В духе раннехристианских мыслителей он призывает своих читателей «возненавидеть» мир и «яже суть в мире», то есть «похоть плотскую», похоть очей и «горкость житейскую» (43). Человек, напоминает он, —лишь странник на этой земле, но полноправный гражданин неба, куда он и должен вернуться как существо духовное. «Тело убо земляно есть, но человек несть тело, человек есть душа в теле, ум есть небесный и божественный, род Божий есмы» (43). Столь высоко оценив человека, автор призывает его быть достойным своего высокого положения и назначения в универсуме, отказаться от излишней привязанности к земле, к материальному и вспомнить о духовном. «Что стены и землю красиши, сам же наготою пребываеши?» (45), —упрекает он своего современника, имея в виду наготу духовную. Облечься в одежды духа, прозреть духовно для усмотрения неземной красоты страстно желает Хворостинин своим читателям. А красота эта разлита в царстве небесном, обретение которого и должно составлять цель жизни человека в этом бренном мире.

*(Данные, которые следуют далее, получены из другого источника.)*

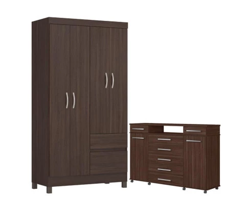 Guarda Roupa Solteiro Lótus com Cômoda London Café - Demóbile

Весь трактат, собственно, посвящен многословному, пестрому и изощренному восхвалению красоты царства небесного Все красоты мира сего (дворцы, роскошные ткани, земная музыка и т. п.)— ничто по сравнению с красотами небесного царства (39—40). Восхваляя их, автор подчеркивает, что они вынесены за пределы земного, человеческого понимания, восприятия, описания в сферу, вознесенную, возвышенную над человеческой эмпирией.